I strongly disagree with Ed on this point.  I have studied the literature
on software reusability, and I don't think much of it.  I have been a part
of several medium sized projects, all of which have reusability as one
of their goals.  The Typed Smalltalk compiler project is three years
old, currently has half a dozen programmers working on it and has had
over a dozen over the years.  The Choices operating system (in C++) has
a dozen people working on it at present.  These are not large projects
from an industrial point of view, but are from an academic point of view.

We use good design techniques, and the more experienced people do a fairly
good job of making reusable designs.  However, there are ALWAYS surprises.  
It is not possible to predict all the ways that software will need to be 
reused.

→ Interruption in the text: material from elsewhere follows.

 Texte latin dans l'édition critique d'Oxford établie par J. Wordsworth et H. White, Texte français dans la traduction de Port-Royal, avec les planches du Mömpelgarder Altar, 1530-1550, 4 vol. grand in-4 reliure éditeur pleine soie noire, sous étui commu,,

However, experience shows that experience will show the range of 
uses of software.  Thus, it is relatively straightforward to produce
reusable software if you expect that it will be the RESULT of the project,
not something that gets produced in the first phase.

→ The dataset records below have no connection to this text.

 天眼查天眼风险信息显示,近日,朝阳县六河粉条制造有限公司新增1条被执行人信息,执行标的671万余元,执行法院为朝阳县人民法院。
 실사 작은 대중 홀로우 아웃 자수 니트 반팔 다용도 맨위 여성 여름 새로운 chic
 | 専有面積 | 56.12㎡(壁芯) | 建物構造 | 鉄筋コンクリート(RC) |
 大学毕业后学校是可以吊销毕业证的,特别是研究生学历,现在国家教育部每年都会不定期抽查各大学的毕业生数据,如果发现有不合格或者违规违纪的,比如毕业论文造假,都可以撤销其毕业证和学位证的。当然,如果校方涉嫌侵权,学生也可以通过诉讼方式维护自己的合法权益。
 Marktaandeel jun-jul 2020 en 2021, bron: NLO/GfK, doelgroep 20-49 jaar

> It is not the purpose of OORA to identify _all_ of the code
>  software objects and classes in the system. It is perfectly
>  normal, healthy, and _expected_ to uncover additional
>  objects and classes during an OOD process.

I distinguish between problem domain objects and solution domain
objects.  The problem domain objects are the ones that are identified
during the analysis and are the ones that the users think about.
As Ed says, these often include parts of the environment that do not
need to be represented as classes in the final solution.  The solution
domain objects are the ones that turn up during design and implementation.
Of course, sometimes you discover problem domain objects later than you
would like, since the users often don't tell you everything you need
to know.  That's life!

Booch's book "Software Components With Ada" is pretty good.
I read it shortly after it came out, and was impressed by how well
the standard Smalltalk classes were implemented in Ada.  I was also
impressed by the large number of different implementations that were
needed because of questions about memory management and parallelism.
It has always seemed to me that those are the sort of issues that a
compiler should address, and that programmers should usually be able
to ignore.  Of course, my opinion is probably influenced by the fact
that I'm writing a compiler.

The set of components described by Booch certainly reused a small of
interfaces extensively.  However, it seemed to me that the main
reason for this was to make the set easier to understand, because
the number of names you had to learn was smaller.  This is an important
reason to reuse interfaces, but not THE most important reason.
The most important reason is that it makes it possible to provide
a set of components that you can connect together to build an application.
For example, a user interface framework like InterViews lets you build
an interface by connecting buttons, text viewers, scrollers, etc. together.
Unless you need customized graphics there is unlikely to be any need to
define any new components.  This is impossible unless you are able to
connect any component to any other component, i.e. unless there are
shared interfaces.  Moreover, this also requires a kind of polymorphism
that cannot be simulated with generics.

Ralph Johnson -- University of Illinois at Urbana-Champaign